Last week, my doctor called to let me know that the latest biopsy, the one on the left side, was OK, no cancer there.
I was pretty sure myself all along that my lymph nodes had reacted to the covid booster I had around that time.
But getting it confirmed was of course great.
Dr. Gordon said she's so ready to get on with the surgery, which will happen after the 24th, which is Monday, when the nodule in my lung will be biopsied.
Phew, I don't think I ever used the word "nodule" before in my life, and now I seem to talk about them constantly.

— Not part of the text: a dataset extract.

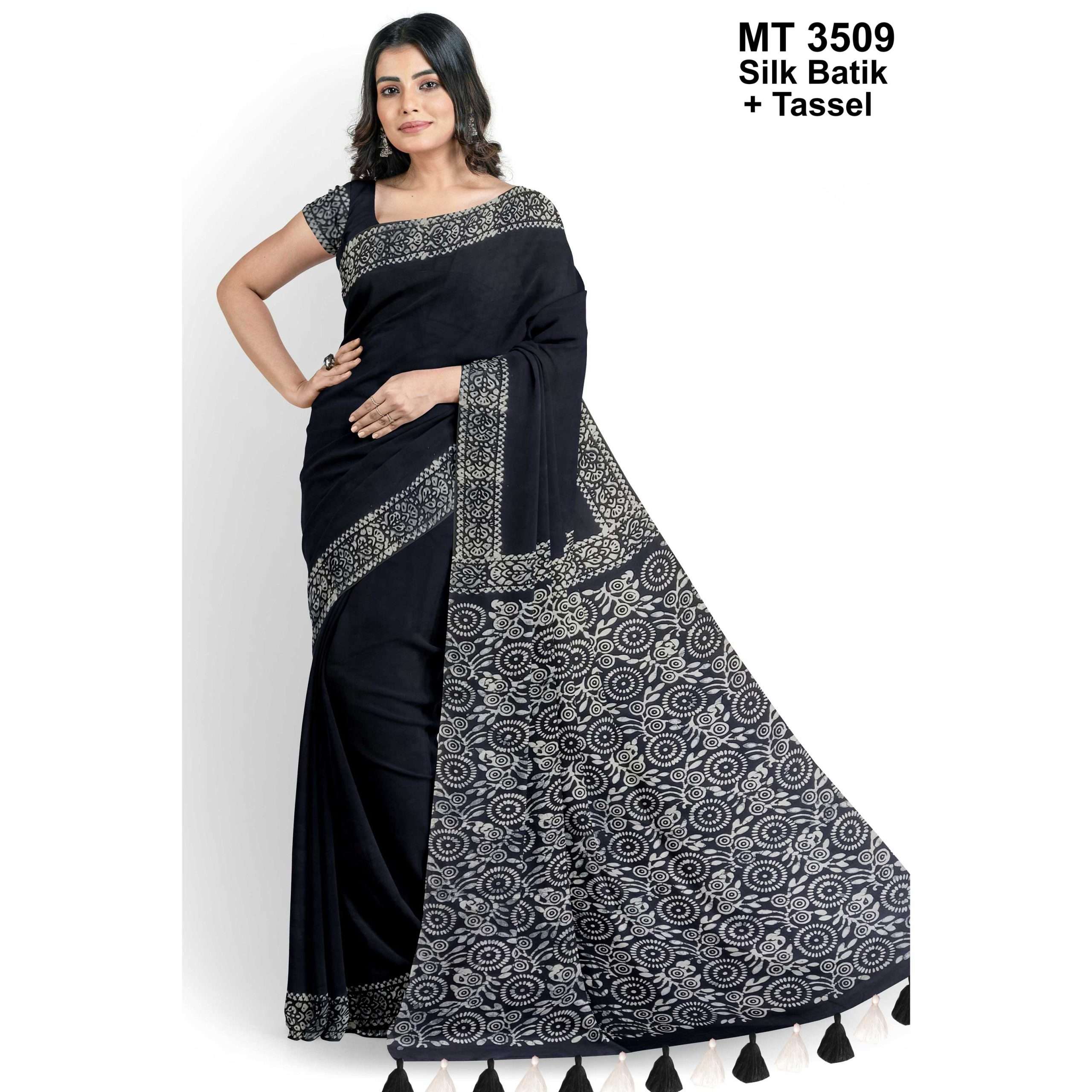 Silk Batik Saree with Tassle & Attached Blouse Piece (MT-3509)

Dr. Gordon called the lung nodule, which is one cm, so very small, something to that effect, "small thing in your lung, not very concerned with it, but will, of course, discuss with the lung doctors."
To know that she wants to go ahead with the surgery feels good.
So now, I just have to wait until next week to find out if I have lung cancer or not.
Personally, I feel that one cancer at a time is enough.
But then I smoked in my younger days, my parents smoked all their lives, so I was exposed to cigarette smoke since childhood. My mom stopped when we were small, but picked it up later.
And my dad died of lung cancer.
So there it is, as Errol used to sometimes say...
Faith: Hmm, not sure what's going on here. I need to have a conversation with mommy soon, because I'm beginning to worry.